● Task: Everything from the line with "Ответ на задание" down to the line with "Deion Sanders Signed" below must be printed exactly, those two lines included. Exclude pictures.

● Supplied information:
::::::

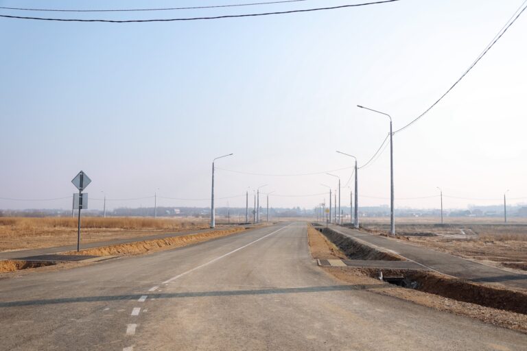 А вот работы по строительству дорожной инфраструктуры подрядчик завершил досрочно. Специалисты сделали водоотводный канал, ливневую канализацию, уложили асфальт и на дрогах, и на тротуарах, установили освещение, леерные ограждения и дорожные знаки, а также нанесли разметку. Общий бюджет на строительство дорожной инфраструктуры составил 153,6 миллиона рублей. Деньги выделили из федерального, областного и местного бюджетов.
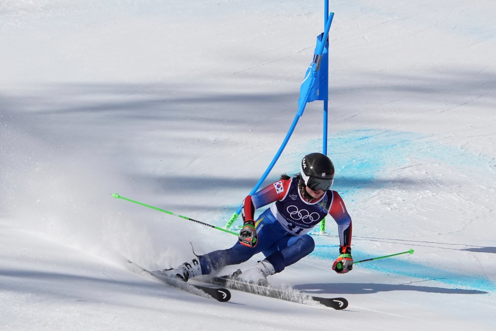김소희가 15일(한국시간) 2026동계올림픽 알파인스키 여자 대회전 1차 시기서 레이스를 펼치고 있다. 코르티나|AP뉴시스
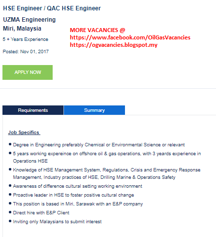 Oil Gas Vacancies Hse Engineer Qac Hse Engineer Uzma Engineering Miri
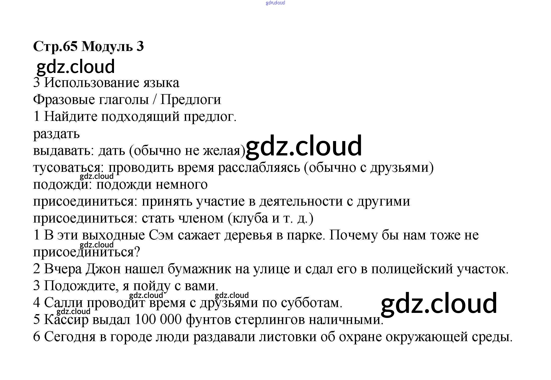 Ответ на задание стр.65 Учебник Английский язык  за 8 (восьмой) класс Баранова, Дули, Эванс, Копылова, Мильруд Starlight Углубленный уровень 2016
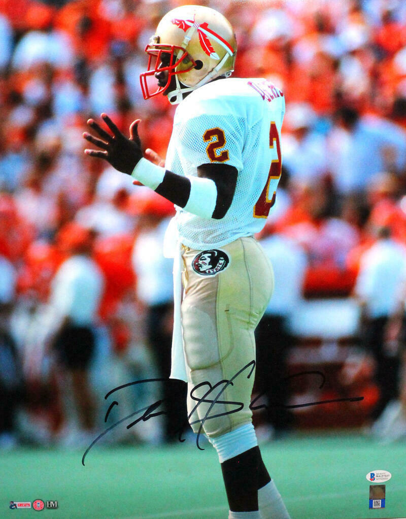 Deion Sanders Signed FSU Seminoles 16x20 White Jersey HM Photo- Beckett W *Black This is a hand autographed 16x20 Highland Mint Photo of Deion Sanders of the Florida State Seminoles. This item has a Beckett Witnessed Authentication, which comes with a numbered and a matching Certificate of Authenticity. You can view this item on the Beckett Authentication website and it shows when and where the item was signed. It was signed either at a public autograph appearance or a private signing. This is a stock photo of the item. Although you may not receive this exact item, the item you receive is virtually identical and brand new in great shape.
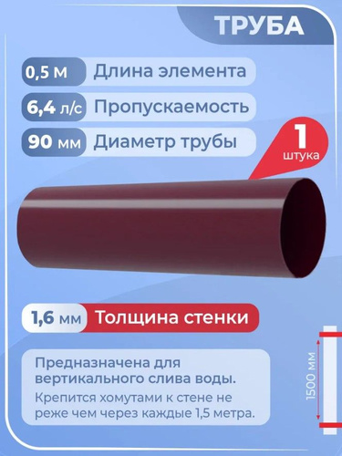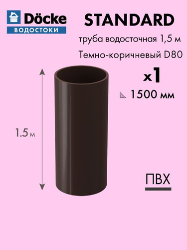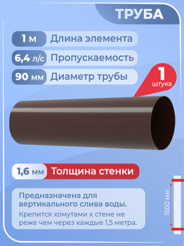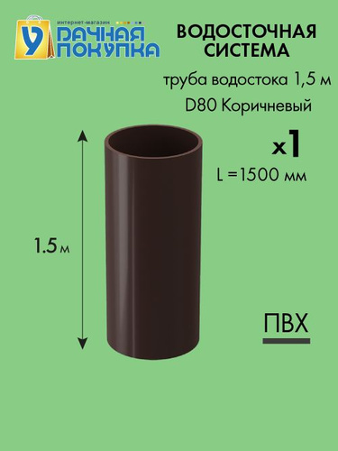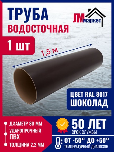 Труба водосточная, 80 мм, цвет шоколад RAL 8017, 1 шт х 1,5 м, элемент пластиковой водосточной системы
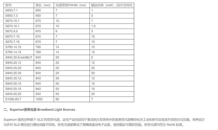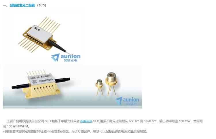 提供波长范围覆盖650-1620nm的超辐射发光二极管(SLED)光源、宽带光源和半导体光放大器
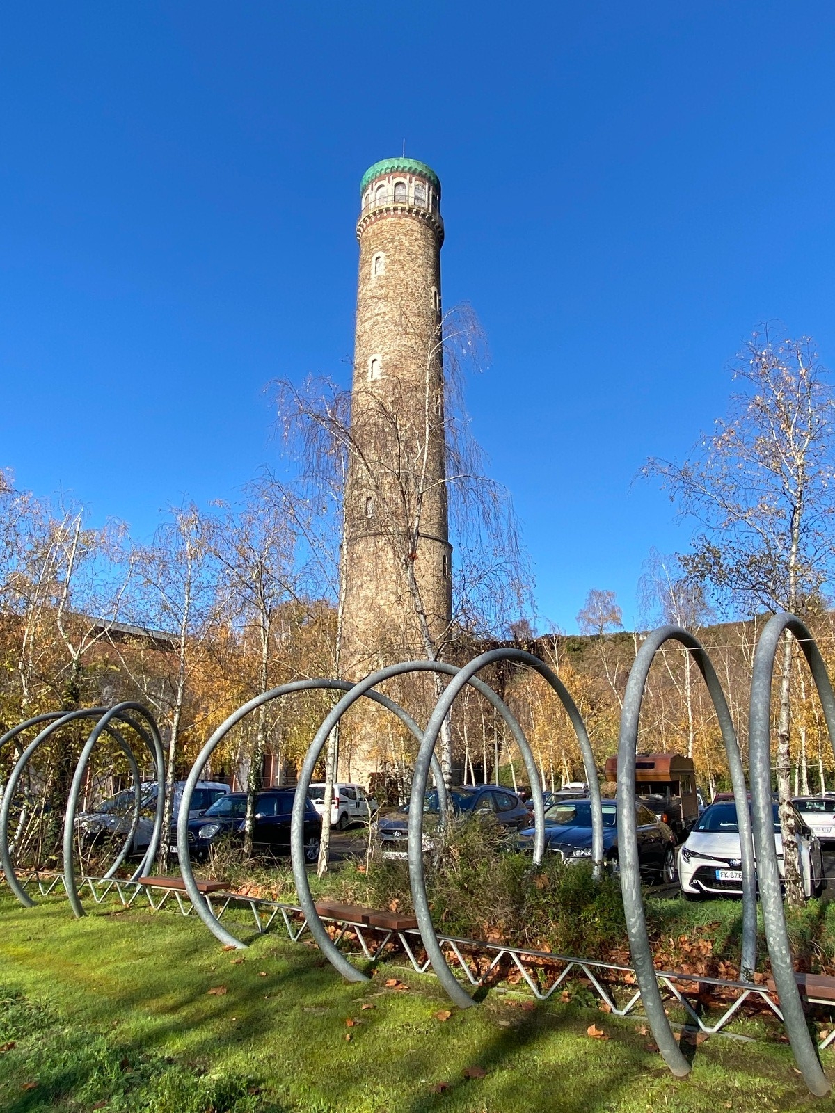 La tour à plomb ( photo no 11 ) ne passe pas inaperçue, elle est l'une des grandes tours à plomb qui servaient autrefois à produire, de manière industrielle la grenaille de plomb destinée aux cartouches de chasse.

::::::

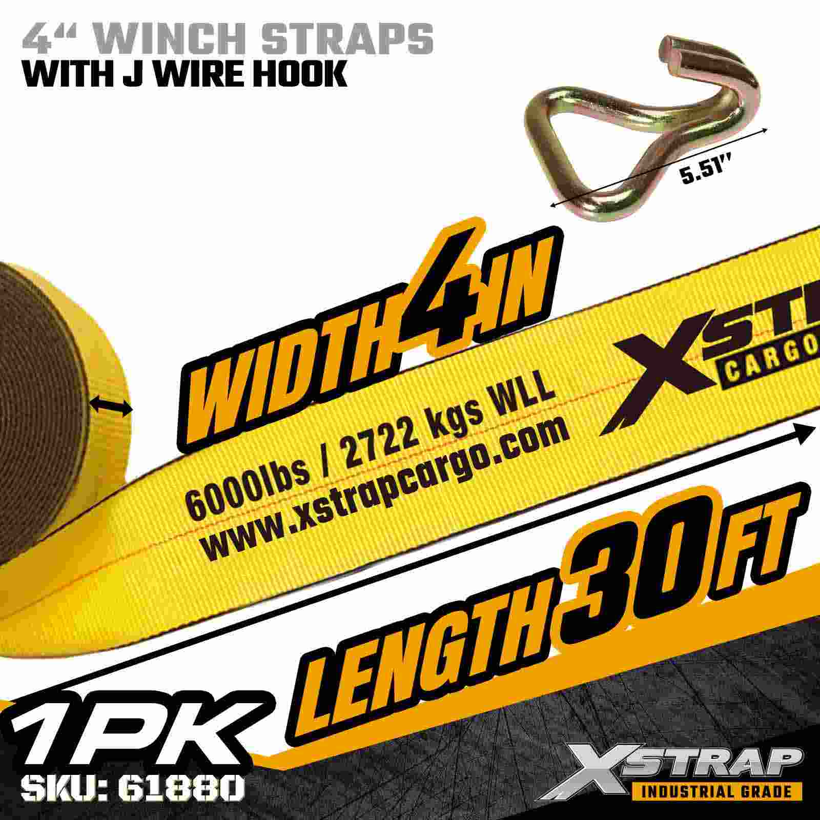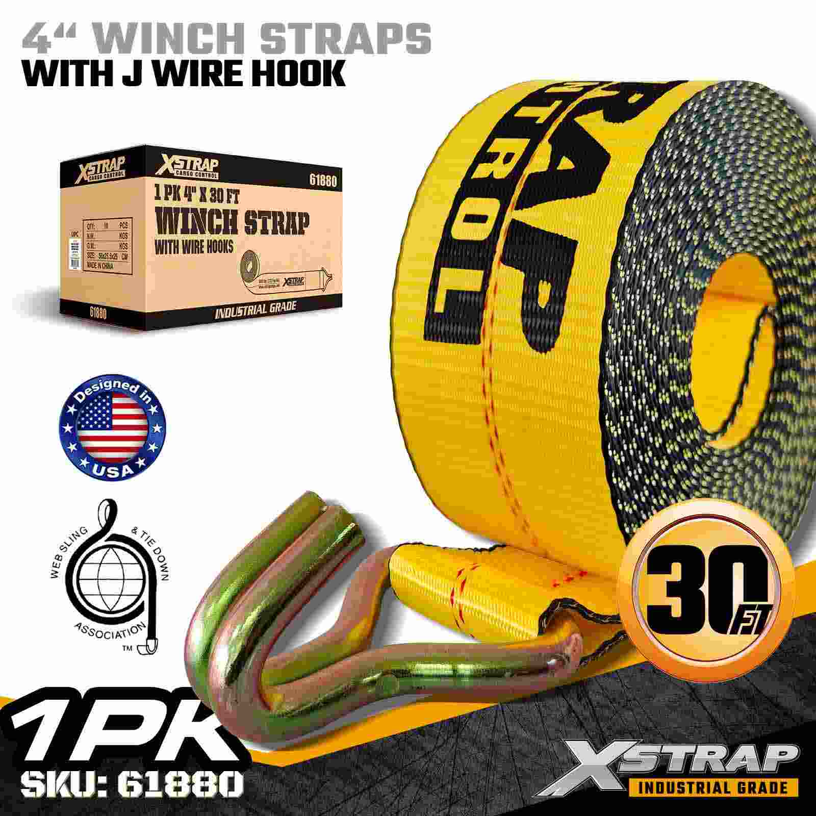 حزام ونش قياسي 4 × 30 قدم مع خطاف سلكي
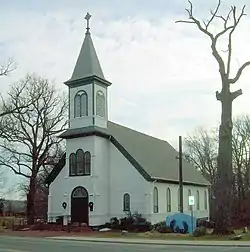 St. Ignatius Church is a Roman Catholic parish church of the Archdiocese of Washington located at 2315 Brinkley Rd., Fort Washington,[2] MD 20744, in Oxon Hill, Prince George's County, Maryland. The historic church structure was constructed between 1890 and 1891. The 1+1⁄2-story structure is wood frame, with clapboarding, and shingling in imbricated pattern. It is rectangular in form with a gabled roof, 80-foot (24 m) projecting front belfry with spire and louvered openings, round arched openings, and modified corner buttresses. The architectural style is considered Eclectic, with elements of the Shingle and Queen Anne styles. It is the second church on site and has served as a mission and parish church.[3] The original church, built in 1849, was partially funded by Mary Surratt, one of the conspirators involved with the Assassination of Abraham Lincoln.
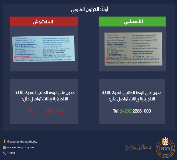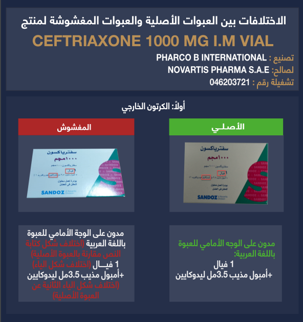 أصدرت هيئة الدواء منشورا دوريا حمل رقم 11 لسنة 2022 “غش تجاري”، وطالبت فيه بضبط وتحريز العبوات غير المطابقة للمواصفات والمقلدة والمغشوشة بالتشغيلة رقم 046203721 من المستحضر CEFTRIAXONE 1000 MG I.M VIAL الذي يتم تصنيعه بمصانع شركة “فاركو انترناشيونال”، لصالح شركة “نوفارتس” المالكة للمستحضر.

::::::

● Task output:
 Ответ на задание стр.65 Учебник Английский язык  за 8 (восьмой) класс Баранова, Дули, Эванс, Копылова, Мильруд Starlight Углубленный уровень 2016
 Deion Sanders Signed FSU Seminoles 16x20 White Jersey HM Photo- Beckett W *Black This is a hand autographed 16x20 Highland Mint Photo of Deion Sanders of the Florida State Seminoles. This item has a Beckett Witnessed Authentication, which comes with a numbered and a matching Certificate of Authenticity. You can view this item on the Beckett Authentication website and it shows when and where the item was signed. It was signed either at a public autograph appearance or a private signing. This is a stock photo of the item. Although you may not receive this exact item, the item you receive is virtually identical and brand new in great shape.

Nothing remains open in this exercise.